====== INFORMATION SUPPLIED
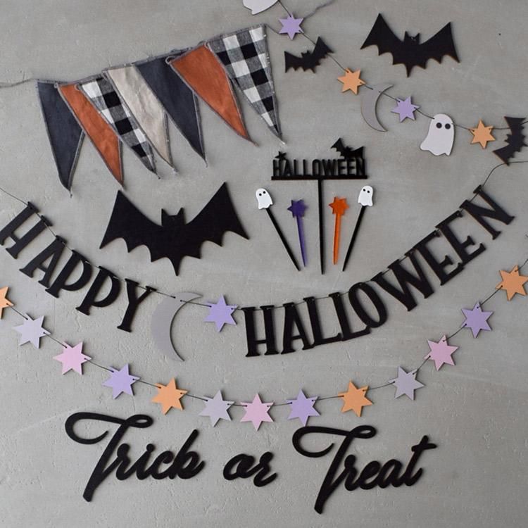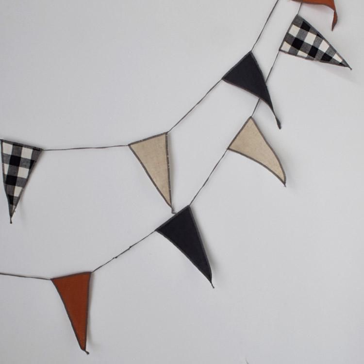 HALLOWEEN LIMITED ギンガムチェック柄ファブリック miniガーランド 12フラッグ(リネン・コットン)全長2.5m
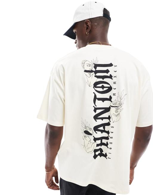 ASOS DESIGN – Oversize-T-Shirt in Wollweiß mit Print entlang der Wirbelsäule
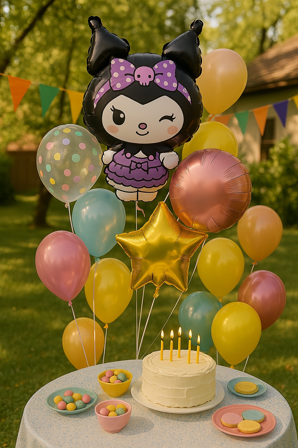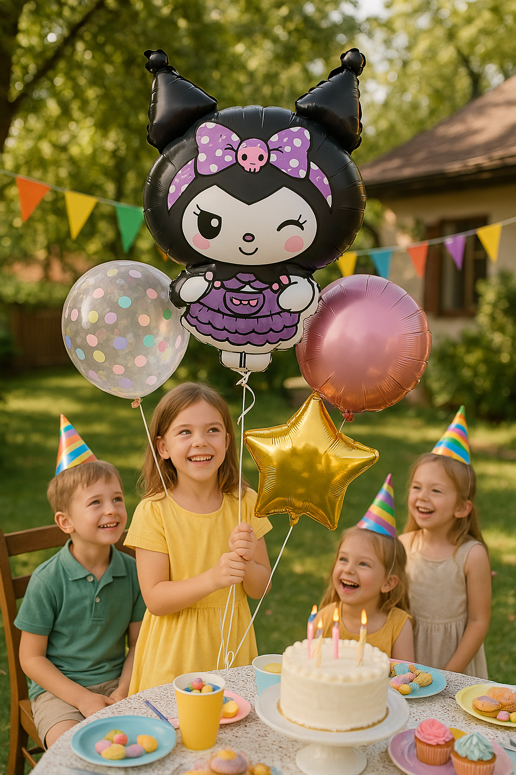 Na fóliovém balónku je vyobrazena postava Kuromi, jedna z oblíbených postaviček ze série Sanrio. Kuromi má výrazné černé uši s růžovými akcenty a na hlavě nosí fialovou mašli s bílými puntíky a růžovou lebkou uprostřed. Její oblečení se skládá z fialových šatů s volánky a růžovými detaily. Balónek je ideální pro různé příležitosti, jako jsou narozeniny, tematické oslavy nebo jako dekorace do místnosti.
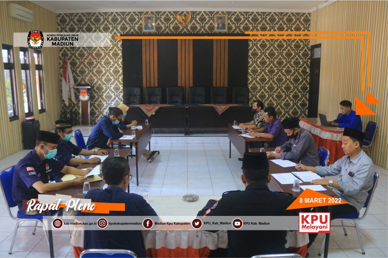 Madiun, http://kab-madiun.kpu.go.id Komisi Pemilihan Umum Kabupaten Madiun laksanakan Rapat Pleno yang membahas tentang Inmendagri No. 15 tahun 2022 yang kali ini dipimpin oleh Ketua KPU Kabupaten Madiun Ali Nur Wahyudi. Rapat Pleno yang dimulai pukul 09.00 WIB dihadiri oleh Seluruh Komisioner Lainnya , Sekretaris Serta Seluruh Kasubbag. Ali menyampaikan dalam pembukaan Rapat Pleno yakni merujuk pada Inmendagri no 15 tahun 2022 wilayah Kabupaten Madiun masuk dalam level 2 yang mana dalam kegiatan perkantoran dilaksanakan dengan sistem kerja WFH 25% dan WFO 75% mulai tanggal 8 Maret sampai dengan 14 maret 2022. seluruh peserta rapat pleno menyetujui dan menyepakati hasil yang kemudian dilanjutkan kegiatan masing masing.
============
WORK TO COMPLETE
Without changing a single word, set down all of the material again and leave out its pictures.

SOLUTION TO THIS PROBLEM
 HALLOWEEN LIMITED ギンガムチェック柄ファブリック miniガーランド 12フラッグ(リネン・コットン)全長2.5m
 ASOS DESIGN – Oversize-T-Shirt in Wollweiß mit Print entlang der Wirbelsäule
 Na fóliovém balónku je vyobrazena postava Kuromi, jedna z oblíbených postaviček ze série Sanrio. Kuromi má výrazné černé uši s růžovými akcenty a na hlavě nosí fialovou mašli s bílými puntíky a růžovou lebkou uprostřed. Její oblečení se skládá z fialových šatů s volánky a růžovými detaily. Balónek je ideální pro různé příležitosti, jako jsou narozeniny, tematické oslavy nebo jako dekorace do místnosti.
 Madiun, http://kab-madiun.kpu.go.id Komisi Pemilihan Umum Kabupaten Madiun laksanakan Rapat Pleno yang membahas tentang Inmendagri No. 15 tahun 2022 yang kali ini dipimpin oleh Ketua KPU Kabupaten Madiun Ali Nur Wahyudi. Rapat Pleno yang dimulai pukul 09.00 WIB dihadiri oleh Seluruh Komisioner Lainnya , Sekretaris Serta Seluruh Kasubbag. Ali menyampaikan dalam pembukaan Rapat Pleno yakni merujuk pada Inmendagri no 15 tahun 2022 wilayah Kabupaten Madiun masuk dalam level 2 yang mana dalam kegiatan perkantoran dilaksanakan dengan sistem kerja WFH 25% dan WFO 75% mulai tanggal 8 Maret sampai dengan 14 maret 2022. seluruh peserta rapat pleno menyetujui dan menyepakati hasil yang kemudian dilanjutkan kegiatan masing masing.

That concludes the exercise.